A MTV enfrenta alguma concorrência direta hoje na tevê por assinatura do Brasil?
Eu acho que esse concorrente direto também não existia para a MTV na TV aberta. A linguagem própria que a MTV propôs foi durante um tempo trabalhada só por ela, mas também e principalmente pelas plataformas digitais que vieram depois do seu lançamento, que exploravam esse caminho editorial em relação aos anunciantes.

Acredito que essa DNA da origem da marca MTV e essa possibilidade que ela traz dentro das suas características para os objetivos dos anunciantes, com foco na adequação aos meios de comunicação, serão mantidos, porém é preciso também dizer que sempre de acordo com linguagem e respeito editorial proposto pela direção geral do canal para que não destoe da linha de comunicação editorial do próprio canal. Essa relação com os anunciantes é extremamente gratificante, porém terá que ser adequada ao que o canal propõe para que haja, aí sim, uma integração maior do anunciante com o veículo e consequente uma resposta e uma aceitação melhor do consumidor.

Qual a relação da MTV Brasil com a americana em relação à marca?
A MTV, que antes quando ainda era da Editora Abril era “MTV Brasil”, é da Viacom, proprietária a marca em 150 países do mundo.
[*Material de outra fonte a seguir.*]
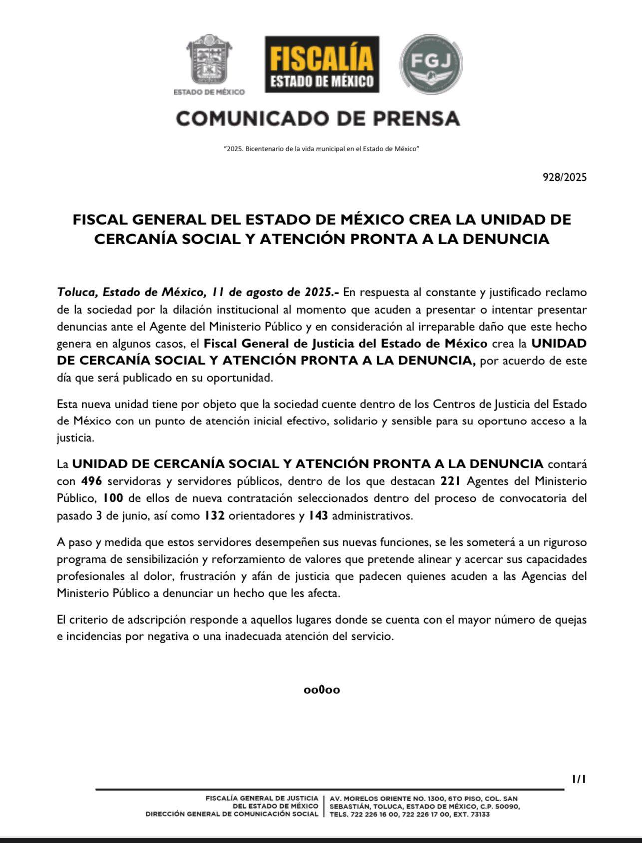 “Fiscal General de Justicia del Estado de México crea la UNIDAD DE CERCANÍA SOCIAL Y ATENCIÓN PRONTA A LA DENUNCIA “

Existe uma relação de respeito à parte internacional, já que o canal tem no seu DNA a essência que é usada no mundo inteiro, inclusive no Brasil. A Viacom trabalha os canais de acordo com as características do país, nossa programação é completamente brasileira, como os programas "Papito in Love” e “Coletivation”.
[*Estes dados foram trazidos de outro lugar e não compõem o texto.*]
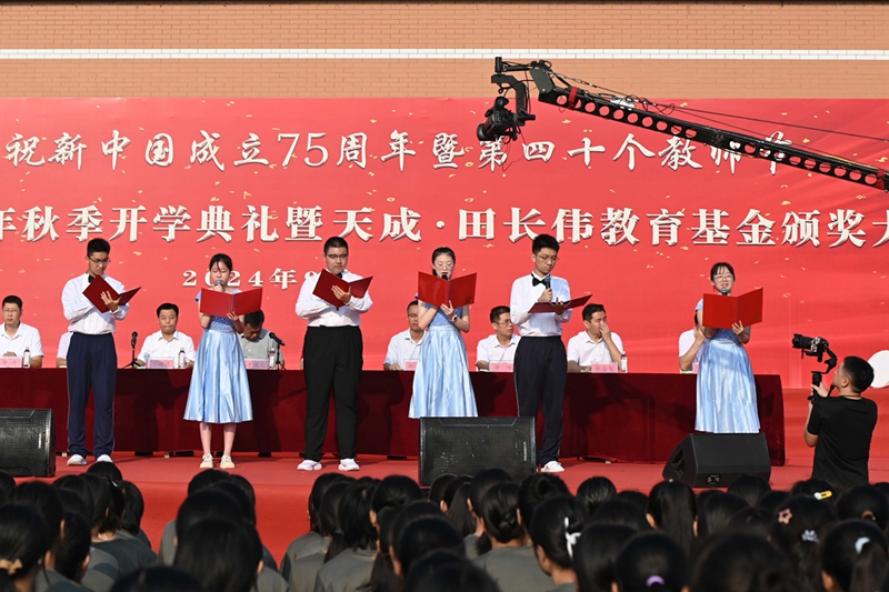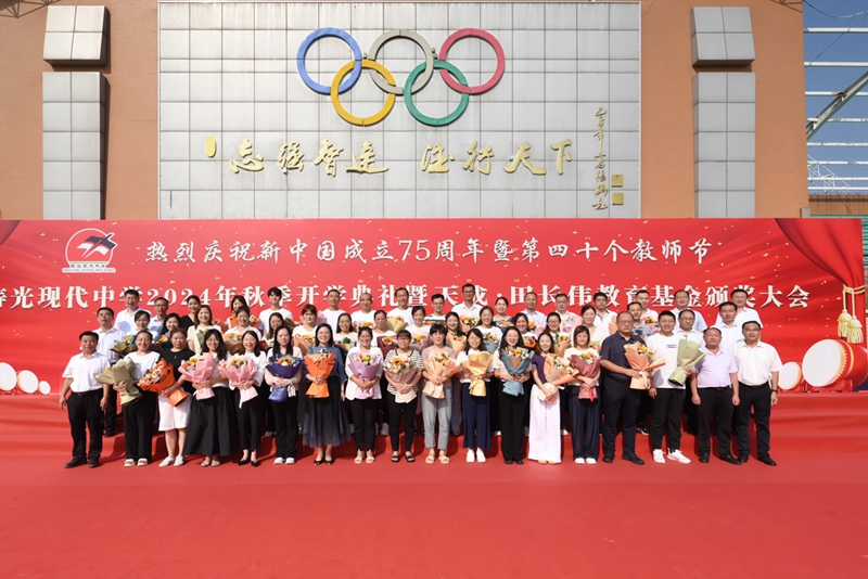 秋光为序,启航新程。9月8日早上,寿光现代中学全体师生在学校体育场集会,热烈庆祝新中国成立75周年和第40个教师节,隆重举行2024年秋季开学典礼暨天成集团·田长伟教育基金颁奖大会。天成食品集团副总裁李进文先生、金顿集团总裁田长伟先生出席会议。寿光现代中学党委书记丁超德带领校级班子成员及全体师生参会。

Houve algum tipo de recepção negativa de anunciantes ou público em relação a essa transição da tevê aberta para fechada?
Do ponto de vista do mercado publicitário eu diria que a aceitação foi 100%. Eu visitei pessoalmente a maioria das agências de propaganda do Brasil, e boa parte dos maiores anunciantes do país, do sul ao Nordeste, passando pelas principais capitais, e categoricamente a maioria das pessoas com quem eu conversei do mercado, nos seus diversos graus de importância, disseram que a MTV precisava desse tipo de situação, que era uma marca extremamente saudosa por todos, com grande admiração e que acreditam bastante que essa entrada da Viacom, nos produtos brasileiros que está oferecendo para a MTV. Foram comentários muito positivos de apoio e de sugestões para nós. Eu diria que o mercado publicitário ficou agradecido por esse novo momento do canal no Brasil.
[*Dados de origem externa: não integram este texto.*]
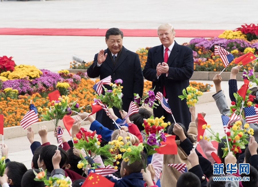 11月9日,國(guó)家主席習(xí)近平在北京人民大會(huì)堂東門(mén)外廣場(chǎng)舉行歡迎儀式,歡迎美利堅(jiān)合眾國(guó)總統(tǒng)唐納德·特朗普對(duì)中國(guó)進(jìn)行國(guó)事訪問(wèn)。 新華社記者李學(xué)仁 攝
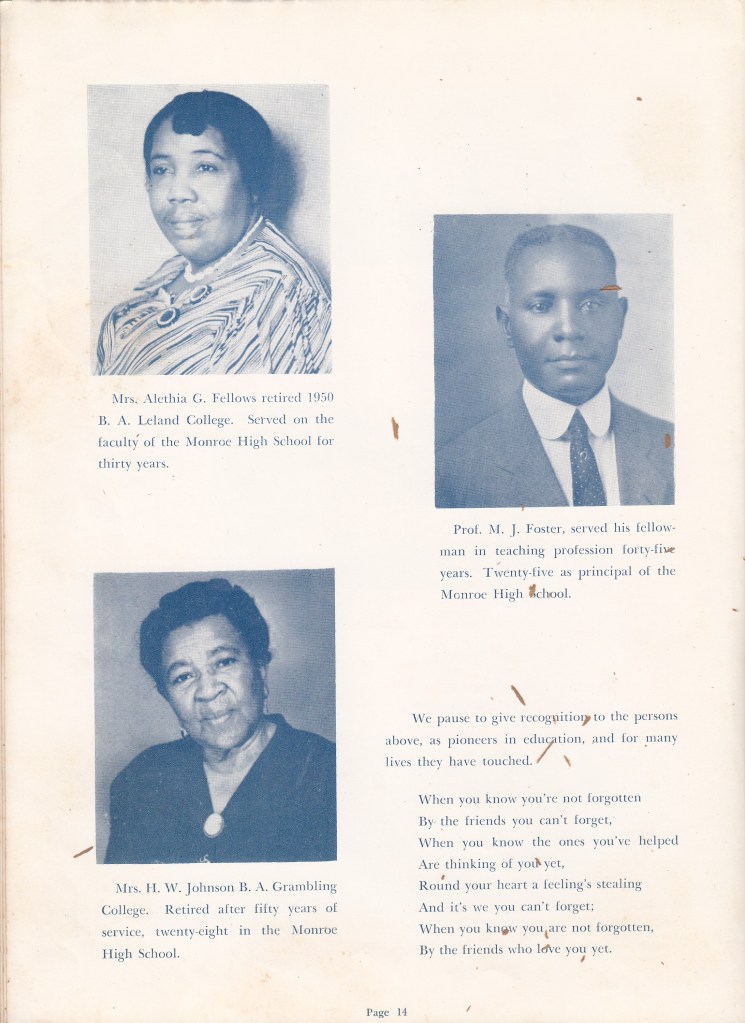This page was another jaw dropper! Looking out from this page is probably one of the biggest names in Ouachita Parish educational history. Professor M.J. Foster. WOW! Mrs. H.W. Johnson is Mrs. Henrietta Windham Johnson, whom a community center on Berg Jones Lane is named for. She taught for fifty years. That means she was on the faculty of Wisner School, which was the first African-American school in Ouachita Parish. [edit August 9, 2022: She was actually an Assistant Principal of Monroe Academy/North Louisiana Industrial High School under Professor Foster and became Principal after he left the school in 1920!]

Já existem projetos definidos para 2014, inclusive pensando em Copa do Mundo?
Em relação ao ano que vem, o foco vai ser na comemoração do primeiro ano da MTV, mas existem alguns projetos que nós já estamos trabalhando, como o “World Stage”, um grande festival de música que vai acontecer pela primeira vez no Brasil, e que também faz parte da programação do canal para 2014. O mercado anunciante já está com todas as possibilidades de negócio que nós podemos fazer e não só para Copa do Mundo, porque nós vamos ter um longo ano de uma nova MTV, com muitos produtos engajados dentro dessa nova linha editorial, que é relacionado à música e a esse público do target Millenium.

Como está sua rotina de trabalho hoje com a chegada da MTV à Viacom?
O mais legal hoje é ter na mão para administrar uma marca como a MTV no Brasil. Há expectativa de uma grande virada, de um novo posicionamento que seja estimulante do ponto de vista da demanda que o mercado anunciante hoje nos pede. Eu diria que o nosso trabalho está intenso porque diariamente recebemos várias propostas de trabalho, de customização de ideias, com participação muito grande principalmente do pessoal de criação das agências de propaganda.

O trabalho está mais intenso, está maior, porém com mais realização. Hoje eu diria que temos conteúdos extremamente adequados ao mercado, conseguimos falar com qualquer target, e o mercado está aceitando bastante essa conversa. Os dias estão sendo intensos e gratificantes.